基於計數的方法(Count-based Methods)
  • 共現矩陣(Co-occurrence Matrix):使用詞與詞之間的共現頻率來建模語義關係。
  • 降維技術(SVD, PCA):例如使用奇異值分解(SVD)來降低維度。
  • 典型模型:LSA(Latent Semantic Analysis)典型模型:LSA(潛在的幼稚agaysisis)
基於預測的方法 (Prediction-based Methods)

這類方法使用神經網絡來學習詞的分佈式表示,效果通常比計數方法更好。

  • Word2Vec(CBOW & Skip-gram)Word2Vec(cbow和跳過)

    • CBOW(Continuous Bag of Words):用上下文詞預測中心詞。
    • Skip-gram:用中心詞預測上下文詞。
    • 例如:
      • CBOW: “The ____ is barking.” → 預測 "dog"CBOW :“ ____是在吠叫。
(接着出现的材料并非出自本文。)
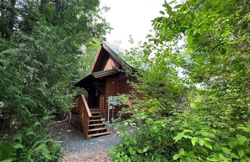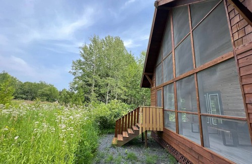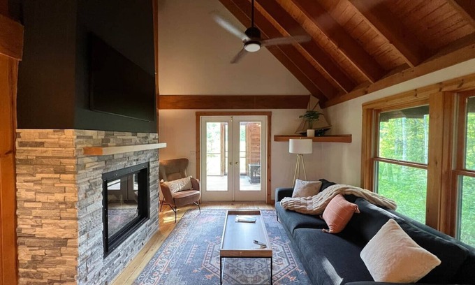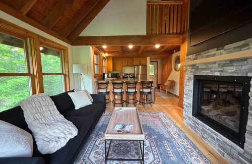 The Hemlock Chalet features a transitional modern aesthetic and open layout. Fully remodeled with serene meadow views from the screened-in porch and brand new furnishings from top to bottom. The main level features a king suite and adjacent bathroom. The screened-in porch has a live edge outdoor dining table perfect for meals al fresco or a game of cards. Situated along an open meadow, you can also enjoy beautiful night sky viewing from the comfort of the porch. Boasting brand-new stainless appliances, the fully-stocked kitchen is ideal for spending evenings in cooking for your guests. The living room has a smart TV and a gas fireplace. On the second level, you`ll find a lofted queen bedroom, writing desk and chair, and newly remodeled bathroom with a soaking tub and honed marble floors.

” →預測“狗”
      • Skip-gram: “dog” → 預測 {“barking”, “pet”, “puppy”}Skip-gram :“狗”→預測{“吠叫”,“寵物”,“ Puppy”}
  • GloVe(Global Vectors for Word Representation)手套((單詞表示形式的全局向量)

    • 以詞共現信息為基礎,同時考慮語義信息。
  • FastText快速文字

    • 擴展 Word2Vec,考慮子詞(subword)信息,例如 “playing” 由 “play” + “ing” 組成。
  • Contextualized Embeddings(語境化詞嵌入)上下文化嵌入(()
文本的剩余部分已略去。